Hollis is also pining after the woman he broke up with, Eileen, and as the story continues he meets another woman, Xanthe. Xanthe is as far from Eileen as it is possible to imagine; a woman whose very name in is question, whose work is interesting, and who he meets while she is hacking the service phone next to an ATM to make long distance calls to Scandinavia. Hollis, is, to the extent he can be, infatuated, and Xanthe continues to make random appearances in his life throughout the book, which covers two days.
I didn’t like Warp, if “liking” a book means I enjoyed reading it. I didn’t “like” Hollis and I felt very little sympathy for him. I think Grossman delivered what he intended, a portrait of a certain type of man (pretty close to himself at the time, I suppose). It’s well written. Each precise word gleams with painstaking, hand-burnished angst. Hollis is a withdrawn observer, reporting on the specific actions of his friends and their words; he is also fantasizing and the work is interspersed with his imaginings of himself as a superhero, as a Count of Monte Cristo style hero, or as various characters in Star Trek; Next Generation (Hollis has a crush on Counselor Troi). Grossman does a great job of juxtaposing the fantasies with the actual boring sequences at the bar, in the car on the drive to Dover, on the sidewalk, at the train depot. Grossman captured the living-in-your-head escapism perfectly, even to the droning repetitions of some phrases or words. I said “droning;” it’s clear that Grossman is doing this intentionally, and it works.

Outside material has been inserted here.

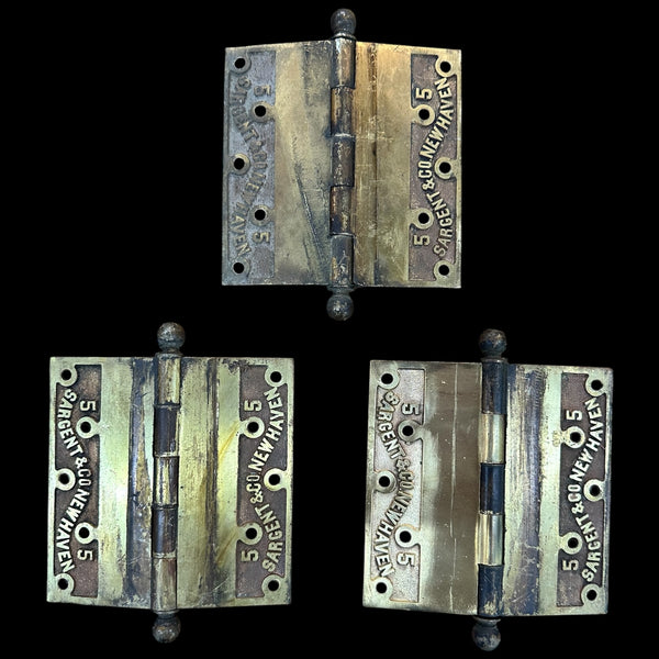 Set of 3 Brass Sargent & Co. Offset Door Hinges GA20220

Hollis does scrape up the nerve to go see his old girlfriend. It’s probably not accidental in this book that the ones who are “corporate sellouts,” in the sense of getting jobs, paying their bills, and generally being responsible are usually the women characters. Hollis’s meeting with Eileen is not successful. Grossman writes a scene where Eileen, who still has affection for Hollis, tries, by her lights, to throw him a lifeline. when it is obvious that these two people have no common ground anymore. It is tragic, and it is perfectly done.
Generally, though, Grossman’s observational powers shine in the tiny sequences in this story, like when Hollis finds a single glove on the street, or Peter steers the car to avoid a two-by-four in the road, rather than the long passages, such as the ones in the Dover house, or at the ATM, which read more like self-conscious set-pieces. They’re good; the tiny moments suited me better.
Grossman would go on to have a breakout hit with The Magicians, where similar characters interrupt their drinking and boredom with magic. I didn’t like his Quentin Coldwater character very much, either, until the second book where, instead of being coddled, Quentin faced some consequences. I guess that while this writer depicts this particular character with great accuracy, it isn’t a type of character I’m interested in. I may be remembering wrong, but while, over in Boston, Hollis is mooning around watching his landlord’s girlfriend walk her pet ferret, out here in the uncivilized provincial west Gen-Xers were doing fundraisers for non-profits, staging protests and experimenting with art and music. As I said, maybe I’m remembering it wrong.
All that said, Grossman delivers what he intended, and this short novel is a clear window into a certain time, a certain social class and a certain mindset. It is worth reading, and it won’t take you too long.